Text: Alex Schulz, 28. September 2020

Tvii Son waren ein noch unbeschriebenes Blatt. Mit ihrem Debüt stellen sie ihren Sound nun zielsicher und kompromisslos in die Nische einer Nische. Im Industrial, einst in den Siebzigerjahren aus dem britischen Label Industrial Records hervorgegangen, und heute vor allem mit Rock- oder Metalacts assoziiert, haben so einige Genreverschmelzungen Platz gefunden. Tvii Son sind dort neuerdings mit einer Mischung aus Elektro, Dub, Noise und Ambient Pop beheimatet. Den drei Musikern aus Berlin und Kiew gelang es eine Club-Scheibe für düster-moderige Keller-Raves oder auch Bedroom-Ambient für besonders Hartgesottene zu erschaffen.

Es ist ein Album geworden, das unbedingt (und vor allem immer!) in voller Länge durchlaufen sollte, sofern man sich denn in der Lage und/oder Stimmung dafür befindet. Das was Tvii Son hier mühelos schaffen, ist eine hypnotisierende Sogwirkung zu entfalten. Wenn man ihnen denn die Zeit gibt. Doch es ist zweifellos auch nicht erheiternd sich auf einer Wellenlänge mit dem Album zu befinden. Dissonant und dunkel kommt das Debüt daher: der Bass ist club-tauglich, die Höhen sollen aber, ganz nach Maßstäben des Industrial, auch wehtun. Roh und direkt wird da ins Mark gescheppert und geklirrt.
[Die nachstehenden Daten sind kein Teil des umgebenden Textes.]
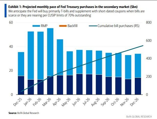The Federal Reserve announced a Reserve Management Plan (RMP) to purchase $40 billion in short-term Treasury securities each month, a move that far exceeds market expectations, prompting major Wall Street investment banks to revise their debt issuance forecasts for 2026.

Circa die Hälfte der neun Tracks werden dafür mit der Stimme Lucy Zorias angereichert. Sie bringt einen Hauch Ambient Pop und somit eine distanzierte, dennoch wohltuende Menschlichkeit in das Klangbild. Nach der bereits angeteaserten Single „Out of Vogue“ mit dazugehörigem Video lässt Tvii Son nun ein Album folgen, dass mit jedem Track in die gleiche Kerbe schlägt. Einen Song herauszustellen ist bei dieser Scheibe ohnehin ein Frevel. Dieses Album lässt man durchlaufen oder man lässt es sein. Fakt ist zudem: Ein Gang in den Keller erleichtert den Zugang zu Tvii Son ungemein, versprochen! Ohne diesen hätte es für den Autor in diesem Fall vielleicht nicht gefunkt.